Даша продолжала всхлипывать мне в толстовку, а я успокаивала бедняжку, прижимая её к себе всё крепче. И стало мне на душе тогда вдруг так тревожно, глаза мои забегали, и сердце замерло, когда я увидела его – стоящего вдалеке и наблюдавшего за нами, с маленьким букетом школьных цветов в одной руке и портфелем в другой. Он стоял очень далеко, но я отчётливо понимала, как нехорошо он на нас смотрит. Взгляд его разъедал нас словно кислотой, и тогда-то я впервые подумала: добром это дело не кончится.

– Подай красный маркер, пожалуйста.

Спокойный сосредоточенный голос Даши выдернул меня из омута воспоминаний, и я вновь оказалась в нашем стареньком классе, наедине со своей лучшей подругой, классухой и стенд-газетой. Всё также раздражающе, средь полной тишины, тикали настенные часы, и красные ногти Наталии Владимировны клацали по клавиатуре.

– Эй, ты чего? – заметила моё смятение Даша.

Я резко дёрнула локтём, едва не столкнув маркер на пол, но вовремя успела подхватить его налету. Фломастер прокрутил несколько «сальто» в воздухе, неуклюже приземлился в мои ладони, и я дрожащими руками протянула его Даше.

– Н-ничего, – буркнула я в ответ. – Так, вспомнилось.

– Ничего не понимаю, – негодовала у компьютера классная руководительница. – На кнопку жму, и ничего не происходит. Чёрт бы побрал эти электронные дневники с их нововведениями! Почему он ничего не распечатывает?!

– А вы стукните по принтеру, как следует, – усмехнулась Даша. – Вдруг поможет? У меня папа с телевизором постоянно так делает.

– Да этой рухляди уже ничего не поможет! – раздосадованная учительница и вправду пару раз несильно шлёпнула принтер ладонью, но ничего не произошло. – О, видали? Ну, великолепно просто…

Я потихоньку вошла в рабочий ритм и вновь принялась вырисовывать цветы в углу ватмана, пока Даша старательно выводила спортивные кричалки аккуратным ровным почерком.

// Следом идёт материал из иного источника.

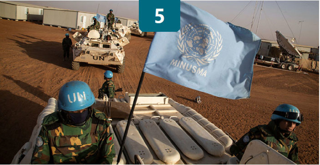 - Bidra til å styrke FNs sikkerhetsråds evne til å forebygge, håndtere og løse klimarelaterte trusler mot internasjonal fred og sikkerhet.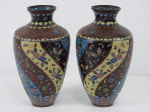 A pair of early 20thC cloisonné Canton enamel vases, a/f, each standing 19cm high.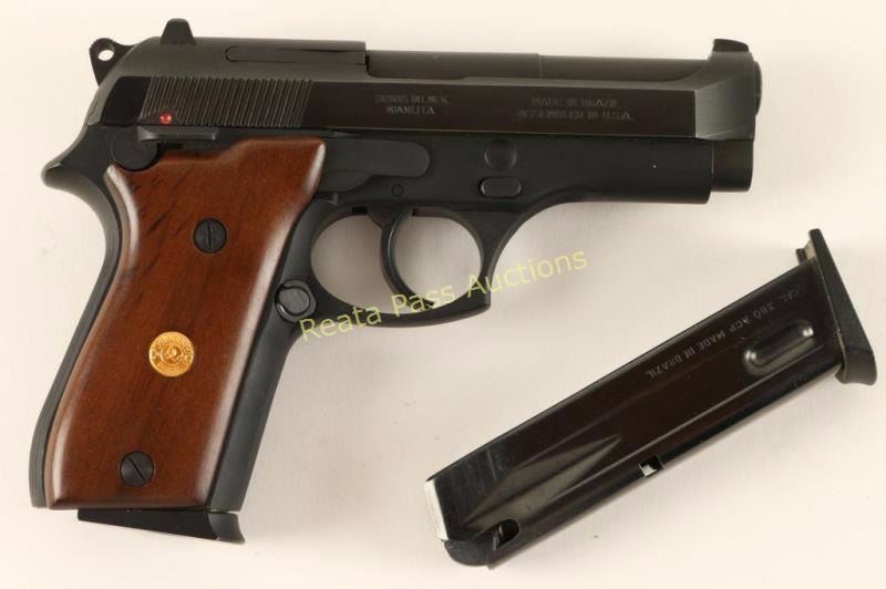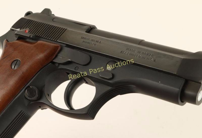 Brazilian made double action semi-automatic pistol chambered in .380 Automatic Colt Pistol. Features a blued finish, 4" barrel, three-dot sights with drift adjustable rear, serrated steel slide, smooth trigger, black finished alloy frame, ambidextrous safety, serrated grip frame, push button magazine release, 12 round magazine, and Taurus medallion smooth wood grips. Includes original factory box with manual, cleaning brush, and extra magazine. Pistol shows only light handling wear. Action is tight, bore is very good, and grips are fine with few minor blemishes.

Классуха ещё немного повозилась со старой школьной техникой, но, в конце концов, и это ей надоело, и Наталия Владимировна устало обмякла в учительском кресле.

– Бесполезно, – измученно процедила она. – Не хочу я ничего печатать. Пусть директриса сама разбирается со своей волокитой. Я устала.

– Берегите себя, Наталия Владимировна, – не отрываясь от газеты, протянула я, и, кажется, учительница не расслышала в моём голосе нотки сарказма. – Не перенапрягайтесь так сильно.

– Ой, Настюшка, молчи, – махнула рукой классуха. – «Не перенапрягаться» – это точно не про нашу школу. Ты бы видела, сколько мне ещё отчётов заполнять.

«Настюшка» резанула по уху не только мне: мы с Дашей переглянулись, украдкой одарив друг друга ошеломлённым взглядом, но, тут же, Алексеева вновь погрузилась с головой в работу.

– Не называйте меня так, – пренебрежительно процедила я почти себе под нос. – Меня Асей все давно зовут.

– Ладно тебе, – вновь отмахнулась Наталия Владимировна. – Последние дни вас вижу, сжалься над старой учительницей. Вот-вот экзамены сдадите – и поминай, как звали, извините уж за каламбур. А я ведь вас с четвертого класса ещё во-от такими помню! Ты вот, Ася, помнишь, как в пятом классе Клавдия Птолемея4 «пельменем» назвала?

Даша вдруг прыснула, не в силах сдержать издевательский смешок. Она тыкала в меня указательным пальцем, пока лицо моё выказывало высшее математическое негодование.

– А ты, Дашуня, – продолжила Наталия Владимировна. – В четвертом классе грызла ручку, а у неё стержень надломился, и весь рот тебе чернилами измазал! Ты помнишь?

Остатки смеха Алексеевой завершились неловким стоном гласной «э». Улыбка слетела с лица Даши, как только я передразнивающе рассмеялась ей в ответ, указывая на подругу пальцем.

– Очень смешно, – равнодушно процедила она и вернулась к работе.

– Эх, школьные годы чудесные… – мечтательно протянула Наталия Владимировна, откинувшись на спинку своего кресла и заламывая руки за голову. – Как же летит время. И вы вот теперь совсем взрослые. Ещё чуть-чуть – и самостоятельная жизнь.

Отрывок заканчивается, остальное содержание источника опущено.